As far as I know they don't produce a list of traders, with regards to what's going to be available it's safe to say there is a huge variety of snake, lizard, amphibian, invert species for sale on the day. Would help if you state what you are particularly interested in. 

Sent from my SM-G950F using Tapatalk


----------



## RICHCJ (Jul 22, 2009)

I'm mainly looking for amphibians and inverts


----------



## Diplo (Mar 15, 2017)

RICHCJ said:


> I'm mainly looking for amphibians and inverts


I attended all the meetings last year and there was a good selection of both inverts and amphibians for sale, again depending on specifics I'm pretty sure you won't be disappointed. 

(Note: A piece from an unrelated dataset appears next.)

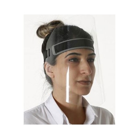 Fabriquée en PETG incolore de 1 mm, cette visière de protection est utile pour se prémunir des gouttelettes rejetées par n'importe quel individu. Idéale et confortable, cette protection peut être portée avec ou sans lunettes de vue. Sa surface lui confère une protection totale du visage et des yeux.

Sent from my SM-G950F using Tapatalk


----------



## Becca46 (May 2, 2018)

Do you happen to know how many floors will be on this weekend ?
I went to the June show last year and was just the ground floor.
Saying that it took me forever to get around that!


----------



## wilkinss77 (Sep 23, 2008)

Becca46 said:


> Do you happen to know how many floors will be on this weekend ?
> I went to the June show last year and was just the ground floor.
> Saying that it took me forever to get around that!


It's supposed to have been 3 floors for the past 2 years.


----------



## Becca46 (May 2, 2018)

I went up to the 2nd floor but it was just like a cafe area, selling food & drinks.
Did I miss a more floors ? 
Will make sure to explore more this year !


----------



## crow (May 27, 2007)

Becca46 said:


> I went up to the 2nd floor but it was just like a cafe area, selling food & drinks.
> Did I miss a more floors ?
> Will make sure to explore more this year !


You need to go up the escalator by the main entrance not the one in the centre to the food hall !


----------



## Becca46 (May 2, 2018)

Can't believe I missed that !! Thank you


----------



## sammuz (Aug 16, 2017)

Becca46 said:


> Can't believe I missed that !! Thank you


Yeah that nearly caught me out the first time I went


----------